§ Recorded data
= = =

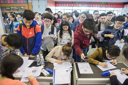每逢求職季,中國的畢業生們大概習慣了在招聘攤位排起長龍遞簡歷。
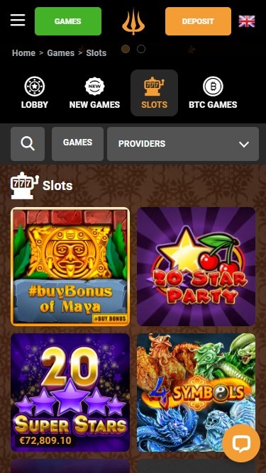 Игры разделены на хорошо организованные разделы: Слоты, Игры на биткоины, Джекпоты, Видеопокер, Лотерея, Казино с живыми дилерами…
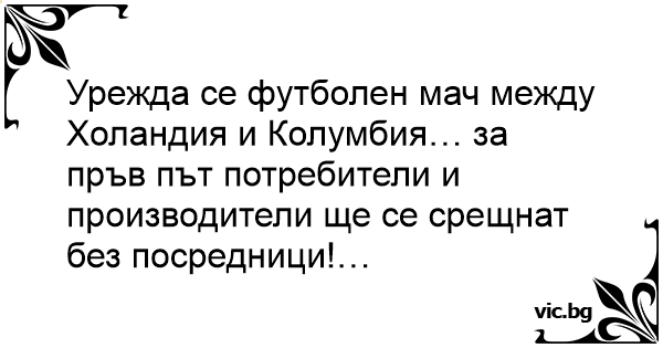 Урежда се футболен мач между Холандия и Колумбия… за пръв път потребители и производители ще се срещнат без посредници!…

= = =

§ Activity
Reproduce the data exactly, please, and omit its pictures.

§ Exercise response
每逢求職季,中國的畢業生們大概習慣了在招聘攤位排起長龍遞簡歷。
 Игры разделены на хорошо организованные разделы: Слоты, Игры на биткоины, Джекпоты, Видеопокер, Лотерея, Казино с живыми дилерами…
 Урежда се футболен мач между Холандия и Колумбия… за пръв път потребители и производители ще се срещнат без посредници!…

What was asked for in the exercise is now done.